La crise sanitaire met par exemple en lumière le lien profond qui existe entre la question écologique et la question sociale. Sur le plan écologique, chacun se rend compte des conséquences lourdes de l’anthropocène avec le choc climatique qui a un impact direct sur l’agriculture et donc sur de potentielles crises alimentaires sur le plan international. Chacun peut ressentir, observer, subir, la dégradation de la biodiversité, les conséquences sur la santé de la pollution de l’air et de l’eau, la disparition progressive de la calotte glacière, et les nouvelles tensions géopolitiques naissantes. Les exemples sont bien trop nombreux. A l’échelle d’une génération, il est désormais hélas possible de voir notre environnement se dégrader à une vitesse sans précédent. Compte tenu de toutes les alarmes dressées par les scientifiques depuis bien trop longtemps maintenant, nous avons déjà dépassé le seuil de l’urgence. Il est donc impérieux de changer de modèle pour les générations qui viennent : travailler en prenant soin de notre environnement et soin des autres. Changer l’ordre des choses à notre échelle et à celle de la planète. De belles intentions me direz-vous, mais on ne gagne que les combats que l'on mène.

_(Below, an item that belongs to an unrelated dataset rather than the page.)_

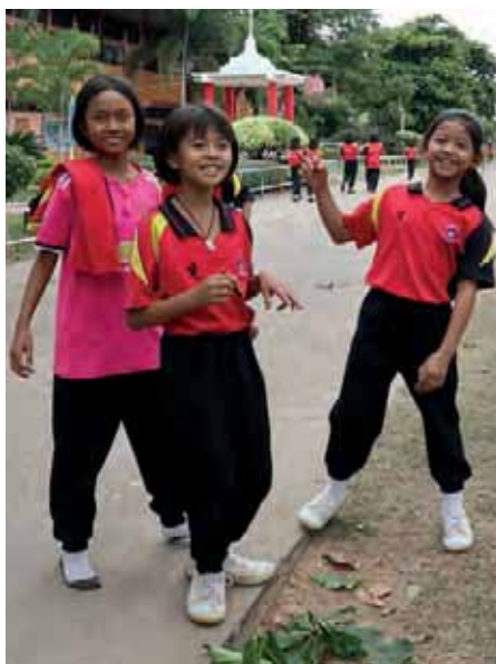
Faddereleverna idrottar varje torsdag.

i området förekommer våld, alkoholism och utnyttjande. En del av föräldrarna kommer från Laos och är papperslösa. Många föräldrar sitter i fängelse eller så har de lämnat barnen hos mor- och farföräldrar eller grannar och åkt iväg för att söka jobb på andra orter. Lärarna är glada över att kyrkan på eftermiddagarna erbjuder barnen stödundervisning och hjälp med läxläsningen.

Sur le plan social, la crise sanitaire a mis en lumière les conditions de travail dégradées et les faibles rémunérations des « travailleurs de la première ligne » mais aussi l’isolement social de très nombreuses personnes dans les territoires. Elle a mis aussi en lumière l’enlisement dans la privation durable d’emploi pour les jeunes et les seniors en particulier, bien que les dispositifs d’activité partielle aient pu protéger de nombreux emplois. Nous vivons dans une société fracturée dans laquelle les inégalités n’ont jamais été aussi fortes. La défiance a atteint un niveau sans précédent. 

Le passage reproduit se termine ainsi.